INPUT DATA START

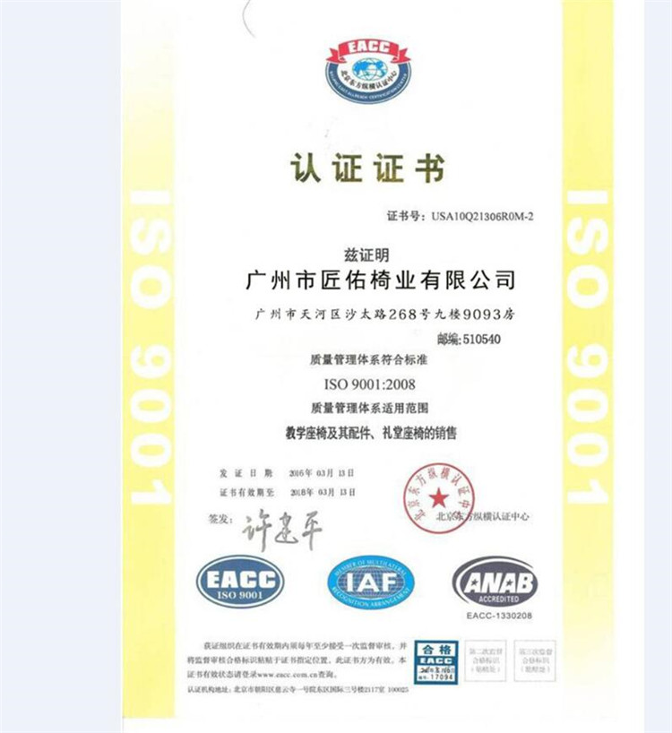 1、 椅座:采用多層優質旋切木皮經模具熱壓成型,板面壓防火板,四周PVC封邊,防潮、耐用;厚度不小于16mm;表明用海綿包裹,座板與角碼采用穿透方式連接,椅座板面配特別訂制不銹鋼螺套與椅面完美結合。
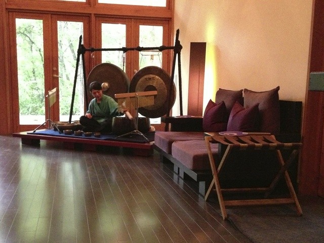 部屋の方ですが、まず中庭が見渡せるソファー付きの前室があり、奥に和室。和室にはシンプルで美しい床の間と、一角に堀床式カウンターの書院があります。 そして水回り。洗面所・浴室もとても工夫されており、浴室は中庭から日が射す造りとなっていて、とても気もち良いです。トイレスペースも横幅をひろめにとってあって、普段トイレで感じる圧迫感がなくとても広く感じます。
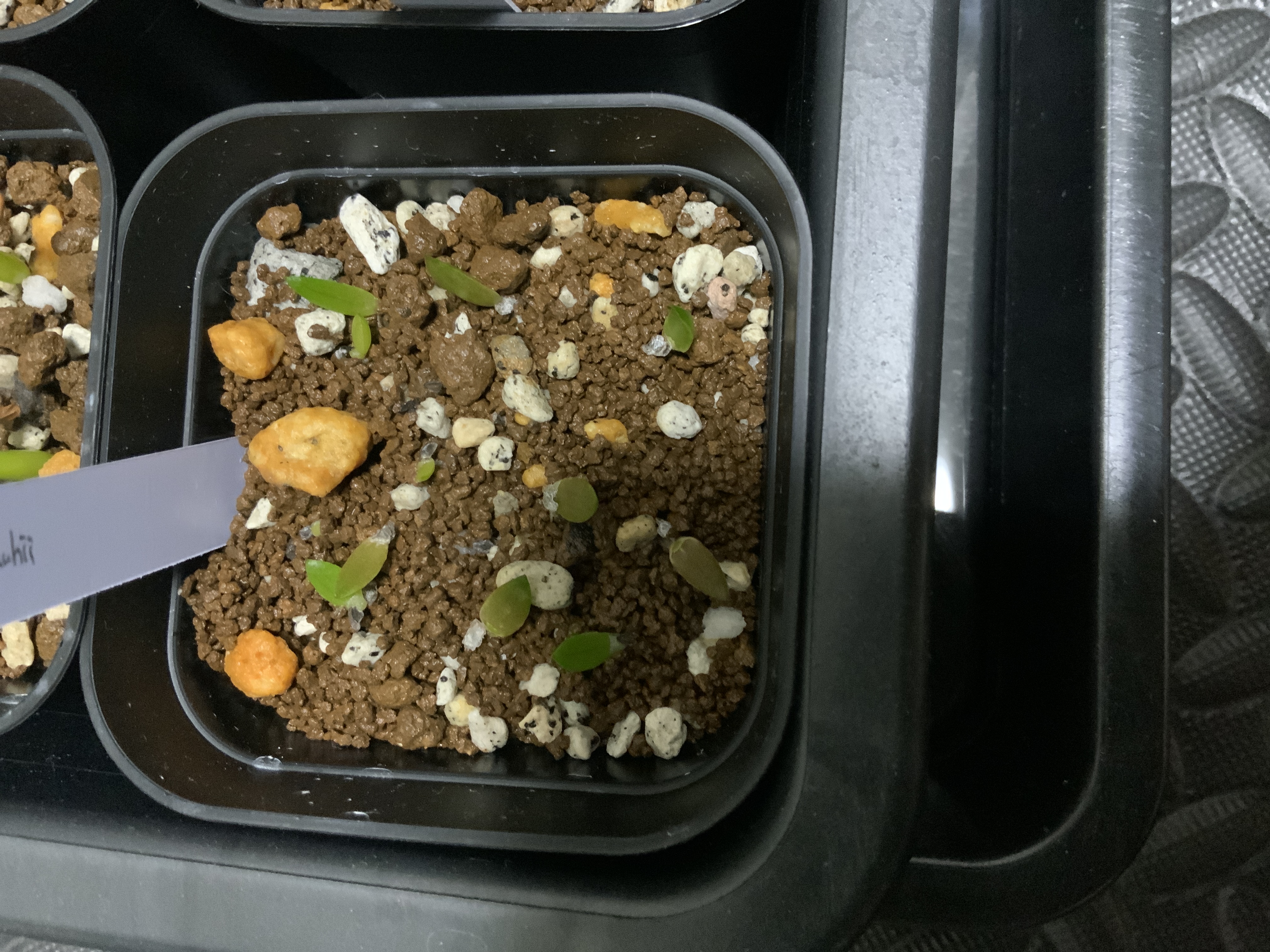 1週間程度加湿環境で管理した後、室内(湿度50%程度)で育成中ですが、常湿管理移行後も発芽し続けています。

INPUT DATA END

§ **TASK TO COMPLETE**: Begin at the line containing "部屋の方ですが、まず中庭が見" and stop at the last line of the data. Repeat only those lines, exactly, and leave out the pictures.

§ **SOLUTION BELOW**:
 部屋の方ですが、まず中庭が見渡せるソファー付きの前室があり、奥に和室。和室にはシンプルで美しい床の間と、一角に堀床式カウンターの書院があります。 そして水回り。洗面所・浴室もとても工夫されており、浴室は中庭から日が射す造りとなっていて、とても気もち良いです。トイレスペースも横幅をひろめにとってあって、普段トイレで感じる圧迫感がなくとても広く感じます。
 1週間程度加湿環境で管理した後、室内(湿度50%程度)で育成中ですが、常湿管理移行後も発芽し続けています。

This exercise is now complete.